Bien sûr, cet exemple peut aujourd’hui paraître daté. L’homme, désormais âgé d’une quarantaine d’années, ne fait pas partie de la vague de jihadistes partis grossir les rangs de l’Etat islamique dans la zone irako-syrienne. Celui que les surveillants pénitentiaires surnommaient parfois «Oussama ben Laden» appartient à la génération précédente, davantage attirée par le Pakistan et l’Afghanistan. Et c’est à la fin des années 2000 qu’il commence à «décrocher», bien avant la montée en puissance de Daech. Mais pour Claire Robiche, «la façon d’embrigader les gens, elle, n’a pas tellement changé». Et les points communs avec les nombreux récits de radicalisation collectés ces dernières années sont, en effet, édifiants. La description de l’univers carcéral est tout aussi intéressante, même si l’administration a tenté, ces dernières années, de modifier sa gestion du phénomène, entre unités dédiées et autres stages de citoyenneté.
«Tu t’attaques à la structure familiale pour qu’il se sente incompris»

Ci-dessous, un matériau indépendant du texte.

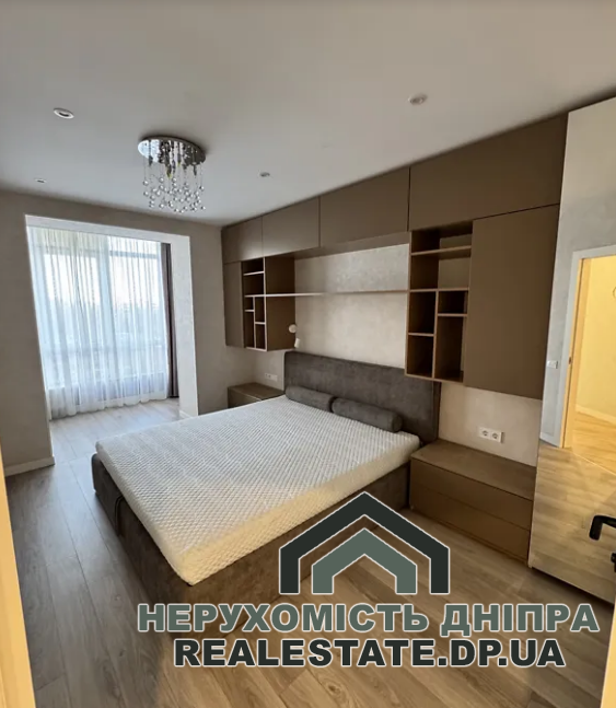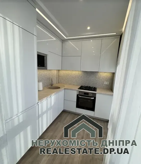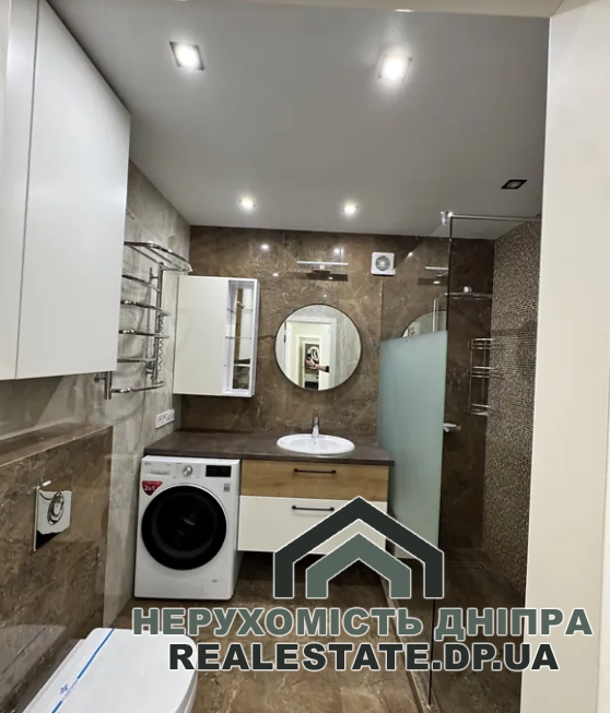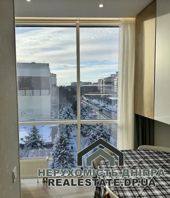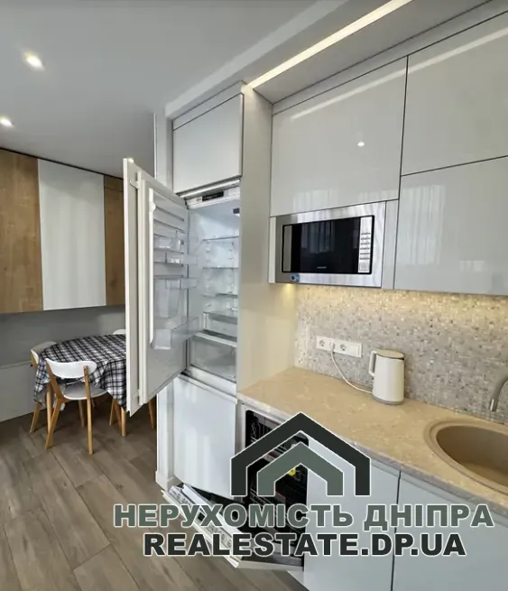 Житлова площа повністю мебльована та оснащена сучасною технікою: три спліт-системи, вбудований холодильник, посудомийна машина, мікрохвильова піч, духова шафа, газова плита, а також прально-сушильна машина 2-в-1.

Quand Mohamed entre en prison, il a 18 ans et compte déjà quelques passages dans des établissements pénitentiaires pour mineurs. Le choc est rude. «Il y avait beaucoup de haine, de violence, je me trouvais plongé dans un monde d’adultes», raconte-t-il. A la recherche de repères, il fait la rencontre dans les cours de promenade de «frères» musulmans. «Il avait été initié à l’islam par son grand-père, précise la documentariste. C’était un bagage assez classique, qui s’est exacerbé en prison.» Mohamed sympathise avec un «frère» qui l’impressionne, avec son kamis, sa barbe, le khôl aux yeux.